Defense attorneys, experts said, will probably emphasize that the interaction between Scott and Slager before the shooting is not seen, nor is the traffic stop that began the incident. This, they said, will leave room for argument on whether the officer may have felt threatened.
"What was the conversation and interaction between the officer and the subject?" said retired Los Angeles Police Capt. Greg Meyer. "Why did the subject run away?"
Ed Obayashi, an attorney and sheriff's deputy in Northern California who is a use-of-force expert, said defense attorneys could also try to make an issue out of how quickly prosecutors decided to file murder charges.
"In the wake of Ferguson and other incidents, some may see this as a rush to judgment by the government," he said, referring to the fatal shooting of an unarmed black man by a white police officer and the subsequent unrest in Ferguson, Mo., last summer.
Criminal convictions of officers in shootings are rare across the U.S. An Ohio professor who reviewed nationwide shooting cases between 2005 and 2011 found 28 instances of murder or non-negligent manslaughter charges filed against officers during the period, of which fewer than half resulted in convictions. In the same period, FBI statistics said there were more than 2,700 cases of "justifiable homicide" by law enforcement officers.
The State, a Columbia, S.C.-based newspaper, published an analysis last month reviewing 209 officer-involved shootings in the state over five years and found that none resulted in convictions of the officer. Only one case went to trial, but ended in a hung jury, the newspaper reported.
Experts say the South Carolina video may make this case different.
"On its face, the video causes great concerns about the use of deadly force in this case," said Meyer, who appeared as a defense witness in the case of an Oakland transit officer charged with murder in the shooting of a suspect.
Obayashi said the video showed the entire shooting, leaving no doubt about the sequence of events.
"I see an officer and I see a suspect running and then getting shot in the back multiple times a good distance away," he said.
Experts said the hardest part of what's shown in the video for Slager's attorneys to argue away before a jury would be the number of shots fired, and what appears to be evidence tampering by the officer after Scott is gunned down. Slager said in initial statements, and over the police radio, that Scott wrestled with him for his Taser; the video appears to show the officer dropping an object next to Scott's prone body.
"Of particular concern is why the officer appears to move the Taser from one location to another after the shooting," Meyer said.

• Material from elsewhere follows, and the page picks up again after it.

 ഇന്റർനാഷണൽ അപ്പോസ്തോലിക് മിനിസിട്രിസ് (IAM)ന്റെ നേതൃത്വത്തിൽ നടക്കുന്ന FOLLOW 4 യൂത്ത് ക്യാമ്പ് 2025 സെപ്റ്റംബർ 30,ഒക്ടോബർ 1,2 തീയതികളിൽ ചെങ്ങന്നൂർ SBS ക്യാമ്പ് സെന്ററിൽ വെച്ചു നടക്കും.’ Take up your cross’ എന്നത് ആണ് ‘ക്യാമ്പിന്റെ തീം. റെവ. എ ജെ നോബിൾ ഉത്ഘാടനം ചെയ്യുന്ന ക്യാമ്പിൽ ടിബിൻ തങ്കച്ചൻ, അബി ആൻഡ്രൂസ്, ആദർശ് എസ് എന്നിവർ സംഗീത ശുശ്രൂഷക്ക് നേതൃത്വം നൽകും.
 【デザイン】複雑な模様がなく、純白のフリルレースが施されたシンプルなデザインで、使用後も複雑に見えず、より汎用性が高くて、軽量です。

Charles "Sid" Heal, a retired Los Angeles County sheriff's commander, said there wasn't much in the video to help the defense. "The man is basically running and never even turns to look. He isn't zig-zagging, and he's shot several times in the back."

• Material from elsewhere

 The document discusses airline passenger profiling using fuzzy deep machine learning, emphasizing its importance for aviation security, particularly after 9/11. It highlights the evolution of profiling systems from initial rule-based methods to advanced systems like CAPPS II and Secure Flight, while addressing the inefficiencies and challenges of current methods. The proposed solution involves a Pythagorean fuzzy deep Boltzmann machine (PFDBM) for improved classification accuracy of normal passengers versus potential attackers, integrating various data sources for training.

Heal said he was at a conference of law officers in the Seattle area this week and the video was the talk of the meeting. "No one here can really justify a circumstance for this shooting," he said.
Others note, however, that video evidence has often failed to secure convictions of police officers in California.
Transit officer Johannes Meserle, charged in the New Year's Eve shooting death of Oscar Grant in Oakland, was cleared of second-degree murder and voluntary manslaughter and convicted on a lesser charge of involuntary manslaughter.
Fullerton officers charged in the death of homeless man Kelly Thomas were acquitted. So were the officers seen on videotape beating Rodney King — touching off the 1992 L.A. riots.
"There's always a rush to judgment," said John Barnett, a defense attorney who worked on the King and Fullerton cases. "Video never tells the whole story."